Por isso, contar com uma consultoria
especializada antes da contratação é fundamental para entender as
nuances de franquias e coberturas específicas para a tecnologia
escolhida.

Proteção
contra as intempéries locais
Outro fator que tem aquecido a
procura por seguros customizados são os eventos climáticos severos
e a instabilidade na rede elétrica, realidades presentes no dia a
dia da capital.

Segundo o especialista, os prejuízos mais comuns
hoje envolvem a queima de equipamentos eletroeletrônicos por
oscilações de tensão e danos a motores por calço hidráulico em
vias alagadas.

“Contar
com coberturas específicas para fenômenos da natureza e danos
elétricos deixou de ser um luxo e virou uma necessidade básica de
sobrevivência financeira para lares e negócios”, alerta
Vidigal.

Gestão
de riscos: o segredo para a economia inteligente

Questionado
sobre o maior erro que os consumidores cometem, o diretor comercial é
categórico: o foco excessivo no preço final em detrimento da
qualidade das coberturas.

 “O erro mais grave é comprar o
seguro olhando exclusivamente para o prêmio mais barato, sem
entender o que está de fato contratado.
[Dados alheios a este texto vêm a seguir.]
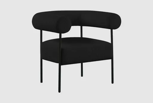 The Dex Black Boucle Fabric Accent Chair is a stylish addition to any modern living space. Its curved design and comfortable arms make it perfect for relaxing in the living room or kids' room. Upholstered in black boucle fabric, this chair combines contemporary aesthetics with cozy comfort.
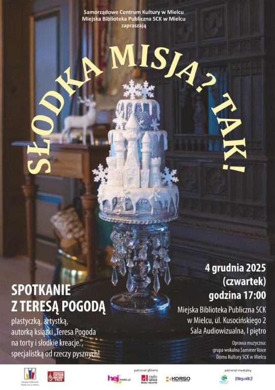 „Słodka misja? Tak”! – spotkanie z Teresą Pogodą – 4 grudnia, godz. 17, Sala Audiowizualna MBP SCK w Mielcu, ul. Kusocińskiego 2, I piętro.
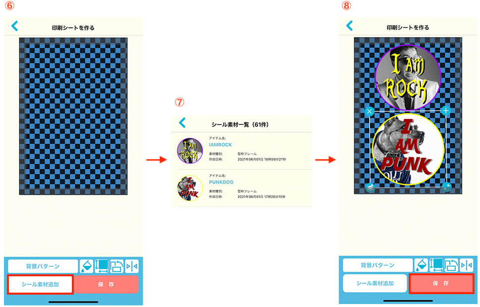 シール素材を作って保存し、そのシール素材を印刷シートに配置。
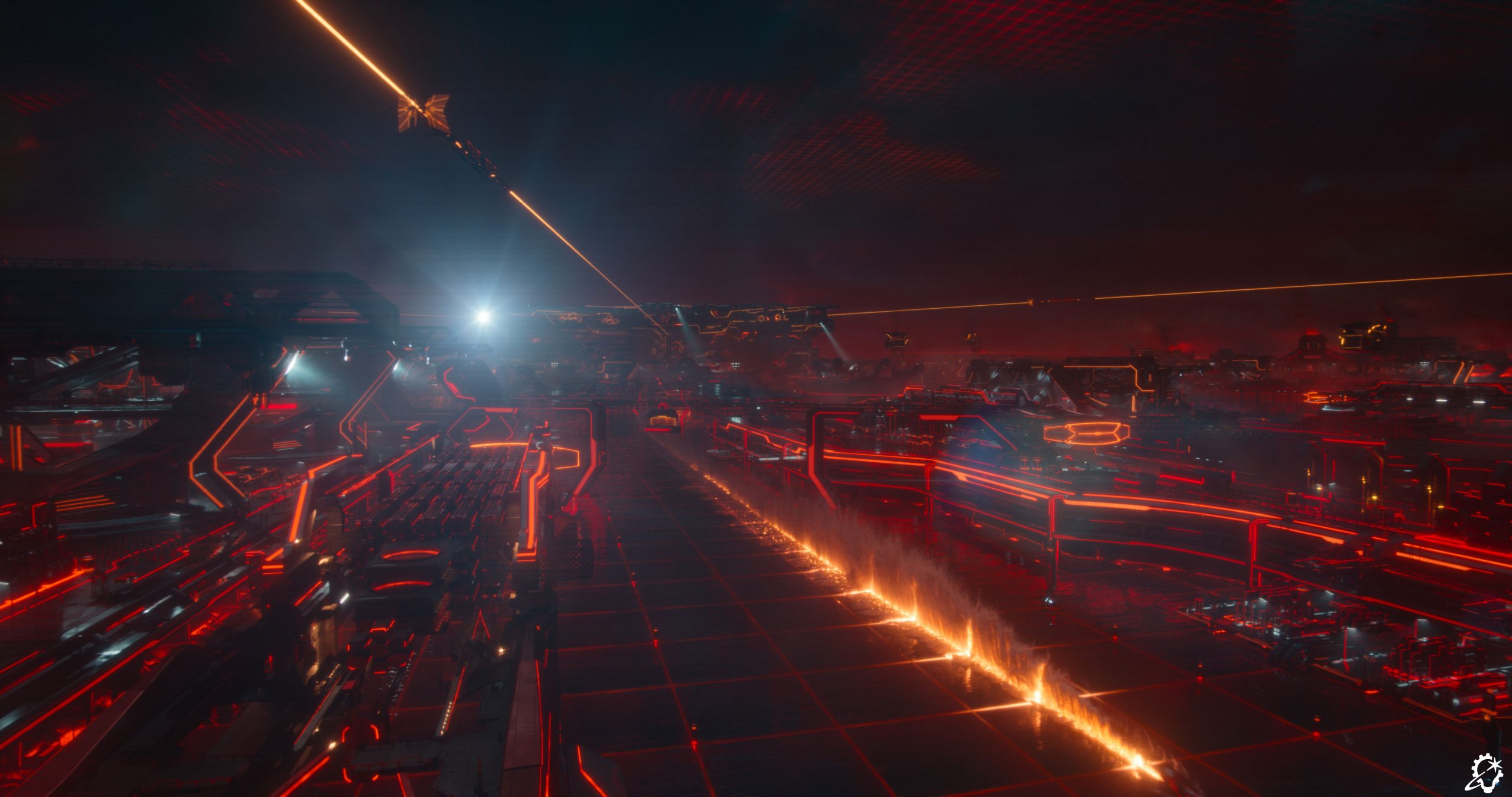 Seeking to furnish the Grid with “scale and purpose,” Capogreco researched ports and military facilities as a way to subtly infuse features that would cause audiences to recognize distinct areas, such as factories and military zones, within the Dillinger Grid.
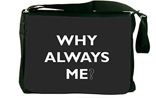 Studio : Rikki Knight LLC Publisher : Rikki Knight LLC Binding : Office Product Product Description Whether from home to the office, on a business trip or to school, the why always me black color laptop bag notebook bag messenger bag school bag keeps you comfortable and your cargo safe and sound - this bag features pockets on the outside below the flap for your cellphone, pens, iPod, notebook etc. And also a zippered compartment on the inside, with plenty of space to store your textbooks, folders, files, etc. And up to a 14 inch laptop (laptop sleeve sold separately) - the vibrant image on the front is professionally printed and will not fade or peel with time and this bag will surely be an eye catcher wherever you go with it. Disclaimer: all images are printed directly into the material - the Texture of the image will always be a flat surface. Any images that appears to be 3D, textured, or glittery are flat printed images. 0
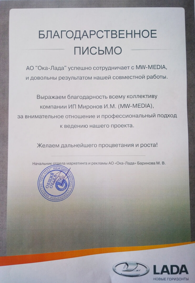 АО "Ока-Лада" успешно сотрудничает с MW-MEDIA, и довольны результатом нашей совместной работы
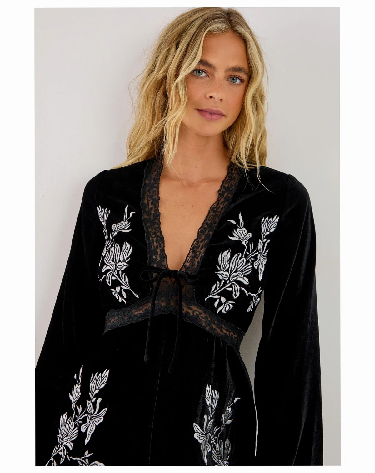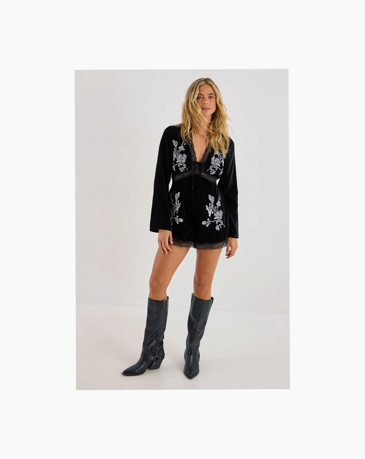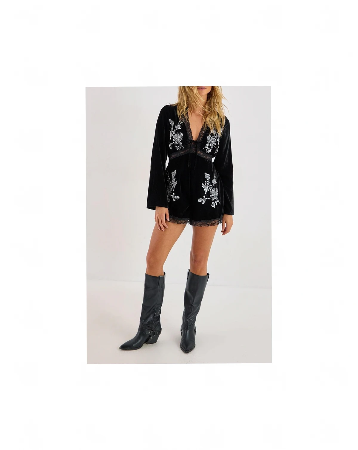 This striking velvet romper from NastyGal combines opulence with effortless style. The contrasting embroidery creates a dramatic visual impact against the sumptuous velvet backdrop, whilst the plunge neckline offers a daring yet sophisticated look. Perfect for day-to-night transitions, pair with chunky boots and a leather jacket for casual daytime events, or transform your look with strappy heels and statement jewelry for evening occasions.
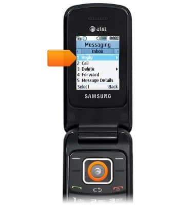 - To reply to or delete a message, from the inbox, scroll to the desired message then press the Left soft key.
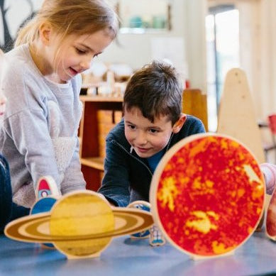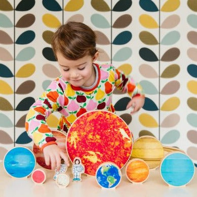 Time to explore our universe by taking a trip into space. This 12 piece solar system comes with all the planets in our solar system, both a male and female astronaut and a rocket. Perfect for imaginative play as well as a great conversation starter to introduce interesting facts about our Solar System. This is an excellent toy for children to promote social and imaginative play while encouraging them to feel positive and confident while they learn through play. The generously sized pieces have been printed using non-toxic heat transfer technology to ensure longevity of the artwork.
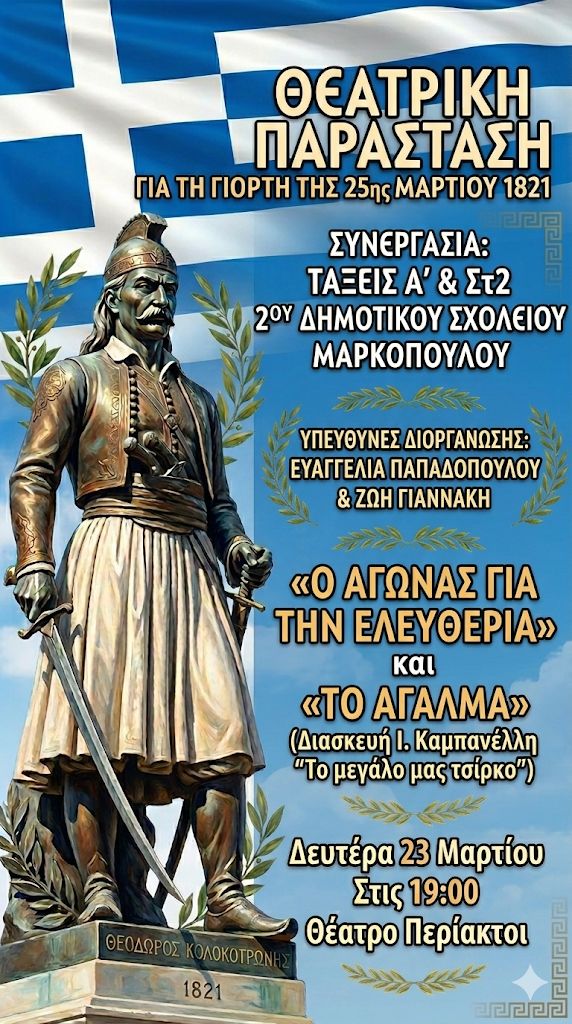 Ο Δήμος Βάρης Βούλας Βουλιαγμένης, στο πλαίσιο των εκδηλώσεων για τον εορτασμό της εθνικής επετείου της 25ης Μαρτίου, παρουσιάζει τη θεατρική παράσταση «Θεόδωρος Κολοκοτρώνης: Ο Θεός έβαλε την υπογραφή του» του θεατρικού συγγραφέα Γιώργου Α. Χριστοδούλου. Η παράσταση θα πραγματοποιηθεί την Τρίτη 24 Μαρτίου στις 20.00 στο Πολιτιστικό Κέντρο «ΙΩΝΙΑ» (Λεωφ. Κ. Καραμανλή 18, Βούλα), προσφέροντας στο κοινό μια ξεχωριστή θεατρική εμπειρία αφιερωμένη σε μία από τις σημαντικότερες προσωπικότητες της Ελληνικής Επανάστασης. Είσοδος ελεύθερη. Πηγή: xpress-news.gr

Muitas vezes, a pessoa
retira coberturas essenciais só para baratear o custo, descobrindo a
falha justamente na hora em que mais precisa do atendimento.”

Para
quem deseja economizar com inteligência, a estratégia defendida
pela JGS é clara: personalização e prevenção.

“Um
bom corretor não vende um produto de prateleira; ele desenha a
solução sob medida para o bolso do cliente, garimpando o melhor
custo-benefício técnico”, conclui.

Com
mais de 40 anos de atuação, a JGS consolidou-se como referência no
desenvolvimento de “Inteligência em Seguros“, provando
que, em um mundo de incertezas, a melhor forma de proteger o futuro é
planejar cada passo com solidez e suporte técnico
especializado.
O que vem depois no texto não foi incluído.